Stanley Mouse and Alton Kelley 


China Doll, 1967


First printing, lithograph, Condition: Near Mint


Framed: 25 3/4" tall x 19 3/8" wide





Original Portrait of a Young Girl by Georg Buchner

Detail, bands

Close-up of frame

Close-up of frame

Frame at angle


This haunting yet beautiful image of a woman’s face peaks through a red-orange haze that leaves a myriad of questions in the mind of the beholder.  One of the psychedelic era posters that would look great in any room, the bands featured were Canned Heat and Allmen Joy. Alton Kelley found the image on a postcard and it was from a painting by German artist Georg Buschner Mignon (1858-1914)  called Portriat of a Young Girl.



Family Dog promoter Chet Helms decided to bring his successful shows at the Avalon in San Francisco to Denver in September 1967. The facility, technically just named after its address, 1601 West Evans Ave, became instantly popular and was dubbed the “Denver Dog.”



The Denver police hated the idea of a hippie haven in their city and had done all they could to stop the club from opening but Helms was way too smooth for them and met all legal requirements. When the club finally opened, Helms and his staff were subjected to a barrage of harassment and illegal searches. This prompted them to get a restraining order against John Grey, the rabidly anti-drug detective who had promised: "I'm going to rid Denver of all long-haired people."



It was Canned Heat's bad luck to show up just as the police figured they'd get one of the bands and hoping the bad press and legal troubles would slop over on Helms. On Saturday night October 21, 1967, the police sent an informer with some weed to Canned Heat's hotel to socialize a little and get the band high. Lead singer Bob Hite swore that the band members (knowing the city's reputation) actually didn’t have drugs with them that night. He stashed a lid in the sofa which the police naturally found and they arrested everybody on charges of marijuana possession -- still a big offense in those days.

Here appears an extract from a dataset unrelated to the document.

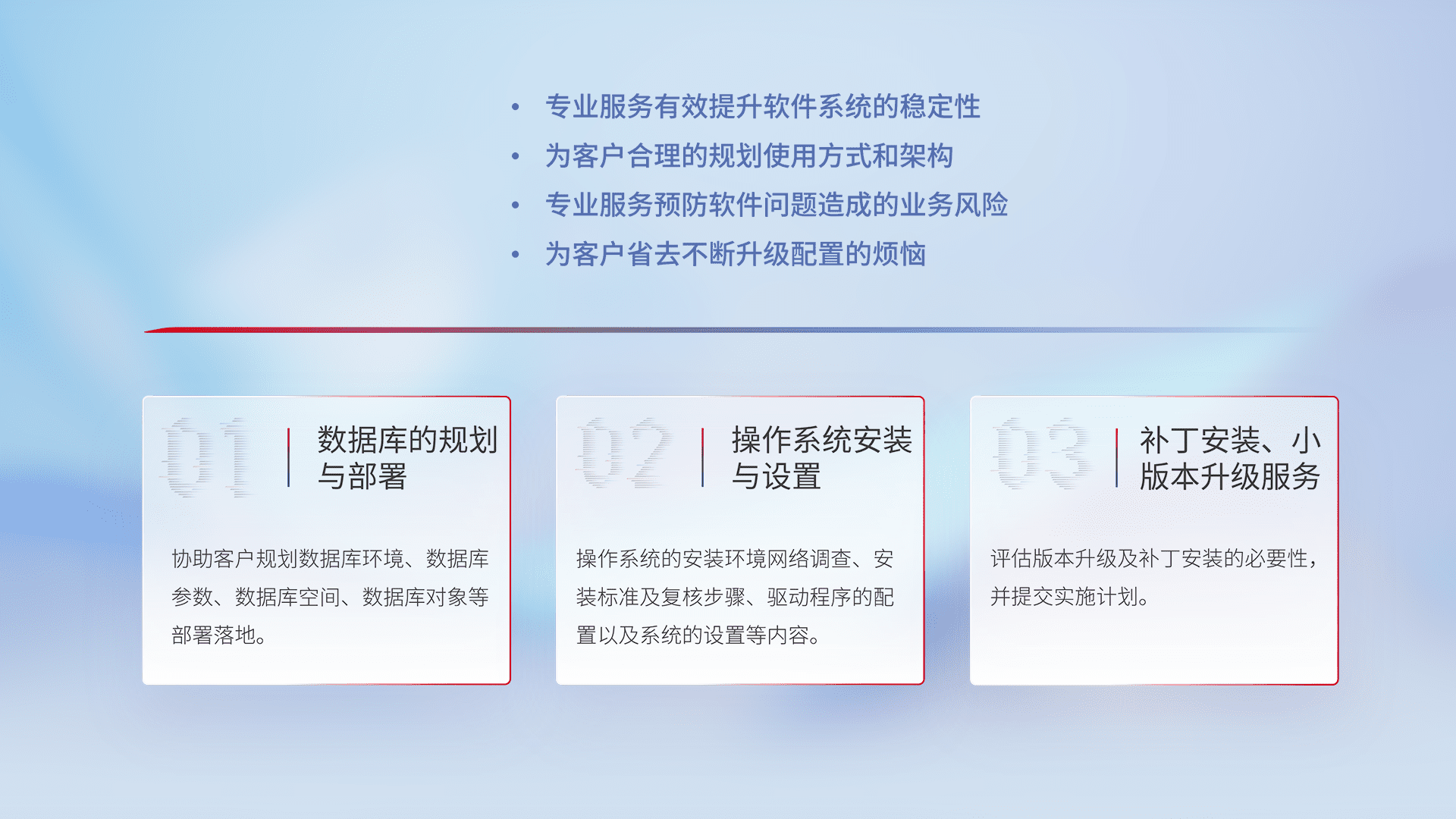 为客户提供软件规模升级、、、快速部署、、、、按需配置的专业服务,,从数据库的规划与部署到操作系统的安装与设置,,再到补丁安装和小版本升级提供支持。。。

Manager Skip Taylor was forced to sell off Canned Heat’s publishing rights to Liberty Records in order to cover the $10,000 bail to get the band out of jail. The Canned Heat song, “My Crime” immortalized the bust and this was the start of the band’s reputation as the bad boys of rock, the heavy-duty incorrigibles that led them to become one of the favorite bands of the Hell's Angels and other outlaw biker clubs.



The music and attitude of Canned Heat afforded them a large following and established the band as one of the popular acts of the hippie era. After appearances at the Monterey and Woodstock festivals at the end of the 1960s, the band acquired worldwide fame. Canned Heat appeared at most major musical events at the end of the 1960s, performing blues standards along with their own material and occasionally indulging in lengthy 'psychedelic' solos. Two of their songs – "Going Up the Country" and "On the Road Again" – became international hits.



Allmen Joy was a psychedelic garage band that, while hitless, were big enough to convince another group, the Allman Joys, to change their name first to Hour Glass  and then the Allman Brothers Band.